Мария Александровна восхищала девушку своими манерами и невозмутимой стойкостью, с которой переносила даже самые болезненные уколы и неприятные процедуры. Но особенно поразительным было её отношение к хлебу. Старушка собирала его после каждой трапезы в течение дня, а потом подсушивала на подоконнике. Вечером эти сухарики, завёрнутые в бумагу или в салфетку, перекочёвывали к ней под подушку.

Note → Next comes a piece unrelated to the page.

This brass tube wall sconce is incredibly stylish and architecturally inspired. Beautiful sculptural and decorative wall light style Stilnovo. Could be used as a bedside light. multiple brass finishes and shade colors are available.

По всей видимости, Лена, сменщица Заремы, из соображений гигиены убрала весь хлебный запас пациентки, поэтому и впала к ней в немилость.
- Не злитесь, Мария Александровна, - улыбнулась Зарема, поправляя простыни, - я вам из столовой принесу целую буханку хлеба. Мы её порежем на мелкие кусочки, высушим на подоконнике и сложим в красивый бумажный пакетик. Будете кушать, когда и сколько захотите, а если что останется – заберёте домой, когда выпишетесь.

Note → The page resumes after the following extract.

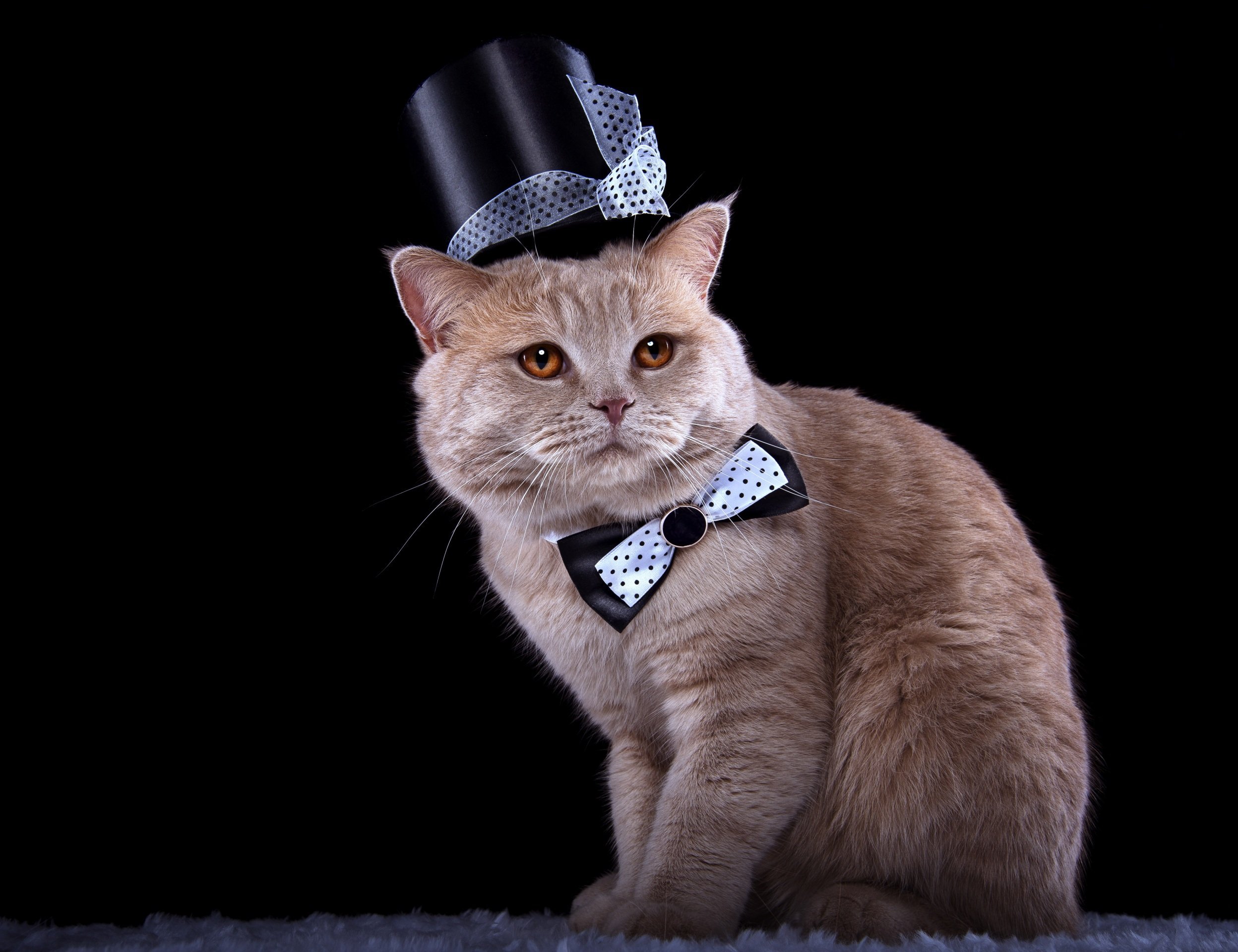 Котик в шляпке в черной

- Точно принесёшь? – лицо старой женщины просветлело.
- Конечно!
- Ну, беги тогда, делай свои дела, а потом с хлебушком приходи ко мне, чаю попьём. Мне моя Лизонька, доча, целый термос травяного чая принесла. А зятёк пообещал приехать и моими любимыми финиками меня побаловать. Беги, девочка моя. Да про хлебушек не забудь!
Зарема вышла из палаты с улыбкой до ушей, благо под маской её никто не видел.

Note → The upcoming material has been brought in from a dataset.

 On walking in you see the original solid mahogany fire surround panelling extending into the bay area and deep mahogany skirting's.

Приведя в порядок вверенную ей территорию, девушка спустилась на первый этаж, в буфет, где купила для Марии Александровны свежую, ещё тёплую буханку ржаного хлеба. Потом добежала до цветочного киоска – там не только продавали букеты и растения в горшочках, но и упаковывали подарки. Зарема в двух словах объяснила женщине-цветочнице, что и для кого хочет купить. Та, сочувственно покачивая головой, выложила перед девушкой целый ворох ярких подарочных пакетиков. Вдвоём они выбрали из этой груды небольшой бежевый пакет с нежно-розовыми пионами. К нему продавщица прикрепила степлером серебряный бантик. И наотрез отказалась брать с Заремы деньги.
Старая женщина очень обрадовалась её приходу.
- Я уж подумала, что ты до вечера не придешь ко мне.
-Ну что вы, Мария Александровна! Я же обещала, – улыбнулась Зарема, снимая маску. Старушка удовлетворённо кивнула.
…Впервые она заставила молоденькую санитарку снять маску три недели назад, когда только легла на лечение. У девушки даже руки дрожали от боязливого стыда, но она не могла ослушаться мягкого настойчивого голоса пациентки. Было в этом голосе что-то такое…
- Сними свой намордник – пусть лицо подышит. Снимай, снимай. Меня ты не удивишь, я и похуже видела…
Собравшись с духом, Зарема одним движением стянула маску с лица.
- Ну, так же лучше, правда? – дружелюбно заметила Мария Александровна. – И тебе самой легче…
Ни единым словом, ни единым жестом женщина не показала, что ей открылось безобразное зрелище. Её улыбка оставалась доброжелательной, а голос – ровным. Это спокойствие вызвало у Заремы искреннее уважение и доверие к новой знакомой.
- Наливай чай, Заремочка. – Старушка пододвинула к гостье небольшую изящную чашечку с причудливо изогнутой ручкой и дивной красоты росписью – полевые цветы на перламутровом фоне. Девушка знала, что эти чашки дочь Марии Александровны специально привезла из дома, чтобы мама не пользовалась безликой больничной посудой. «Твои «виноградовские», мамуль. Ты всегда говоришь, что в них чай вкуснее». Зарема понятия не имела, что значит «виноградовские», но чашечки ей очень нравились. Они создавали какой-то особый уют в палате.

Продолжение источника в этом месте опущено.